Introduction: Patients with locally advanced, triple-negative breast cancer (TNBC) typically receive neoadjuvant therapy (NAT) to downstage the tumor and to improve the outcome of subsequent breast conservation surgery. There are currently no methods to accurately predict how a TNBC patient will respond to NAT before surgery. In this work, we applied a digital twin framework to address this unmet clinical need, by integrating quantitative magnetic resonance imaging (MRI) data with mechanism-based mathematical modeling.

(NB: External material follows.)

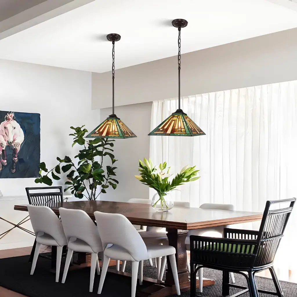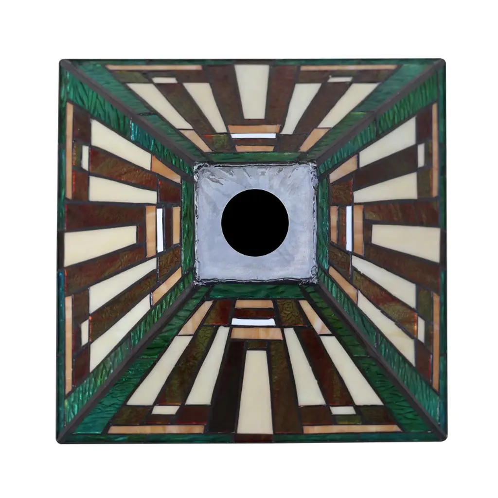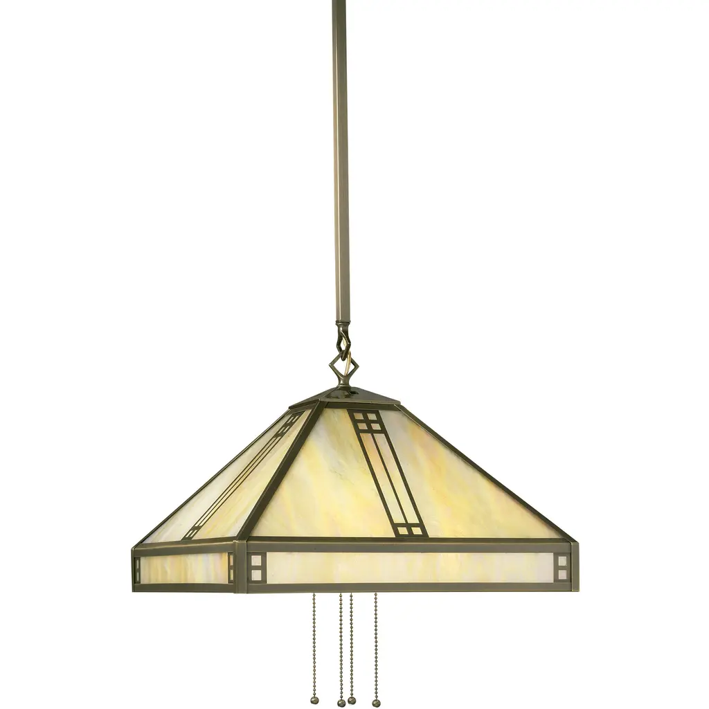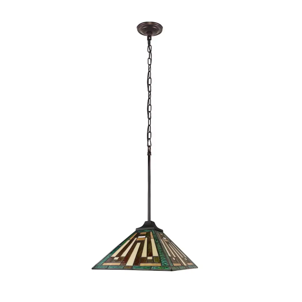 Firman is a stunning 1 light ceiling pendant, featuring a beautiful mission shade. This piece would be perfect in a hallway or even over a bed frame. Each shade is handcrafted, using the same methods developed by Louis Comfort Tiffany in the early 1900's. This process entails using 152 hand cut stained art glass pieces, each wrapped in fine copper foil and soldered together at extremely high temperatures to form each unique piece. Exact size to the nearest inch may vary, and exact color of each glass piece may vary due to each piece being handcrafted. First image is with the light shining through, second image is with no light. Dry listed and recommended for an indoor setting.
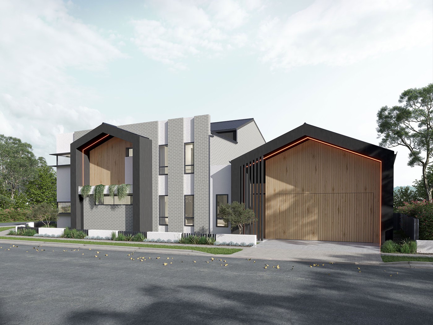 This residence stands out with its minimalist yet captivating form. Notable features include prominent Scandinavian-style gable roofs over the porch, balcony, and garage, accompanied by vertical timber screening. An entry void floods the interior with natural light, while cascading greenery adorns the façade, it complements the woodland landscaping, providing a natural ambiance. Vertical timber battens further enhance the Scandinavian aesthetic, while balconies on the front and side facades provide a striking feature for the corner lot positioning.

Methods: Multiparametric MRI was acquired in patients (N = 50) before, after 2 and 4 cycles of Adriamycin/Cyclophosphamide (A/C), and again after 12 cycles of Paclitaxel as part of the ARTEMIS (NCT02276433) trial. Within each imaging session, dynamic contrast-enhanced (DCE) MRI, diffusion-weighted imaging (DWI), and a pre-contrast T1-map were acquired. The images were processed by a pipeline consisting of motion correction, multiparametric image alignment, inter-visit image registration to align the tumor and surrounding breast tissue, tissue segmentation, and estimation of tumor cellularity from DWI. A mechanism-based mathematical model, a reaction-diffusion equation, is used to characterize the mobility of tumor cells via diffusion damped by mechanical tissue properties, tumor proliferation via logistic growth, and treatment-induced cell death via the delivery and decay of therapies. For each patient, pre-treatment images were used for model initialization. The model calibration and prediction were implemented with two strategies: 1) using images acquired during the A/C for calibration and predicting up to the end of A/C, and 2) using images acquired during and after the A/C for calibration and predicting up to the end of NAT. For strategy 1), we evaluated the model by comparing its predicted tumor volume and total tumor cellularity to the imaging measurements at the end of A/C. For strategy 2), we evaluated the model by comparing its predicted final response to the post-surgical pathological findings.

Results: For strategy 1), our framework predicted the change of tumor volume and total tumor cellularity with Pearson correlation coefficients of 0.91 and 0.89, respectively. Regarding strategy 2), our framework achieved an area under the receiver operator characteristic curve of 0.88 for distinguishing pCR from non-pCR. As a comparison, imaging measurement of tumor volume at the end of A/C achieved an AUC of 0.79.

Conclusion: Our approach successfully captures the patient-specific dynamics of TNBC response to NAT and provides an improved prediction of final response, which demonstrates the potential of a digital twin framework to be a powerful tool for predicting response to NAT. Once validated, the method will provide a unique opportunity for optimizing treatment plans on a patient-specific basis.

Citation Format: Chengyue Wu, Angela M. Jarrett, Zijian Zhou, Nabil Elshafeey, Beatriz E. Adrada, Rosalind P. Candelaria, Rania Mohamed, Medine Boge, Lei Huo, Jason White, Debu Tripathy, Vicente Valero, Jennifer Litton, Clinton Yam, Jong Bum Son, Jingfei Ma, Gaiane M. Rauch, Thomas E. Yankeelov. Forecasting treatment response to neoadjuvant therapy in triple-negative breast cancer via an image-guided digital twin [abstract]. In: Proceedings of the American Association for Cancer Research Annual Meeting 2022; 2022 Apr 8-13. Philadelphia (PA): AACR; Cancer Res 2022;82(12_Suppl):Abstract nr 2736.